Il va sans dire que ces facteurs eurent une influence directe sur le déroulement de la Guerre. En effet la participation et l’implantation régionale de la guerre sont les conséquences directes de la carte socio-économique. Schématiquement, les régions révolutionnaires furent les régions les moins consacrées à l’activité industrialisée du sucre, et, de manière liée, les régions dans lesquelles la population esclave était moindre. Il s’agit des provinces d’Oriente, de Camagüey et de Las Villas.

Ces évolutions majeures dans la structuration de la société cubaine contribuèrent à faire du maintien du système esclavagiste une aberration. Elles n’en étaient qu’à leur début et le cheminement vers la modernité ne se révélait pas dépourvu de contradictions, d’oppositions et de réticences.

Les batailles politiques entre indépendantisme, annexionnisme, autonomisme ou réformisme, illustraient clairement la difficulté à assumer ces mutations économiques et sociales. Mais ce débat se jouait dans le monde limité des élites et laissait relativement indifférente la majorité de la population.

La paix sociale n’était d’ailleurs pas la règle. Le « petit peuple » des villes se montrait enclin à fomenter des incidents au caractère anti-espagnol : les idées démocratiques se développaient dans le milieu des artisans et des petits commerçants. Des tentatives de rébellions ou d’émeutes informelles se répétèrent en milieu urbain ou rural. Elles furent imputées à la population de couleur, mais semblent avoir rassemblé en terme d’appartenance sociale plutôt qu’en fonction du teint110. La masse de la population paysanne et urbaine se

trouvait dans une situation de difficulté économique. Les premiers groupements ouvriers apparurent, et fonctionnèrent comme des associations d’entraide, confirmant que la majorité de la population affrontait des problèmes bien concrets. L’éventualité d’exclusion sociale – vagabondage et banditisme rural – n’était jamais loin. La précarité était à Cuba dans les années soixante, le problème de l’énorme majorité des habitants. Mais n’oublions pas non plus les exclus de tout : 27,44 % de la population était encore esclave111.

Dans ce contexte, le poids de la fiscalité se révéla un des éléments qui cristallisa l’opposition au système colonial. Si ces taxes étaient critiquées par les élites, dans la mesure où elles ne finançaient même pas le développement du pays, elles allaient l’être également parce qu’elles entretenaient les aspects les plus contestables de l’Espagne à Cuba : dépenses militaires destinées à sa politique internationale112

, dépenses de la bureaucratie coloniale. Par ailleurs, dans ces années, par le biais de la constitution d’associations d’intérêts, le système bancaire commença à se développer avec des capitaux créoles. Néanmoins, dans les provinces, la banque, ou plutôt l’usure, demeurait aux mains de commerçants espagnols, véritables profiteurs113

bâtissant un bien conséquent sur la misère paysanne.

Ces éléments permettent de cerner les raisons profondes, et les causes plus directes, de l’insurrection et de son succès populaire.

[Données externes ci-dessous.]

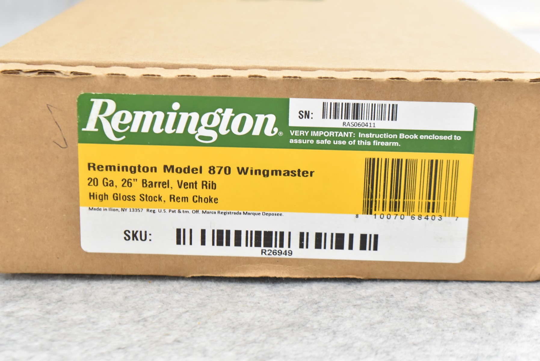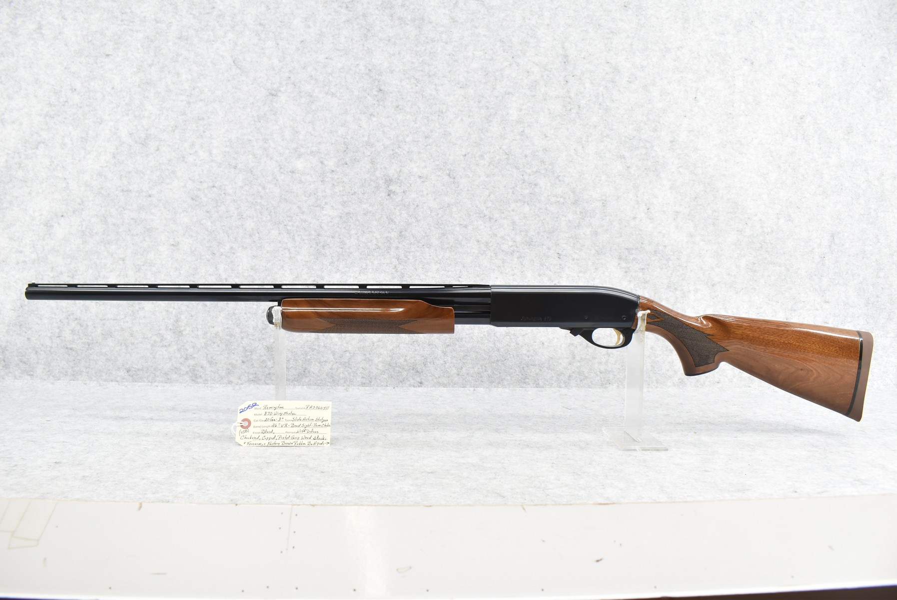 205R. Remington – Mod. 870 Wingmaster – 20ga. 3” Pump Action Shotgun – w/26” Rem. Choke, Vent-Rib Barrel w/Bead Sight – Blued Finish – w/Deluxe Checkered Capped Pistol Grip Wood Stocks w/Factory Butt Pad – New & Unfired w/Factory Box, Manual & Chokes

Les figures du mouvement étaient issues des secteurs sociaux les moins compromis avec l’institution servile, et très particulièrement du monde des propriétaires terriens du Centro et d’Oriente. Si leur ralliement à la cause indépendantiste, et abolitionniste, est explicable par les mutations structurelles de la société, c’était surtout à des critères idéologiques qu’ils répondaient. L’évolution des idées, le républicanisme, la laïcisation,

l’aspiration à une société plus moderne, plus proche des utopies du siècle les menèrent à remettre en cause l’édifice colonial et esclavagiste.

Le rôle formateur et fédérateur de la maçonnerie dans cette évolution fut primordial. Par ailleurs, dans une moindre mesure, la maçonnerie forma également des hommes non plus seulement issus de l’élite, mais des couches moyennes, blanches ou de couleur. Le cas de Maceo prend, à ce titre, valeur d’exemple et montre comment ces structures clandestines permirent la solidarisation de secteurs a priori sans contact ni projet commun. Néanmoins, la direction révolutionnaire et les cadres militaires appartenaient quasiment exclusivement à l’élite. Le contingent provenait de la paysannerie, des couches moyennes urbaines blanches et de couleur, des couches sociales les plus démunies, et de la population en esclavage.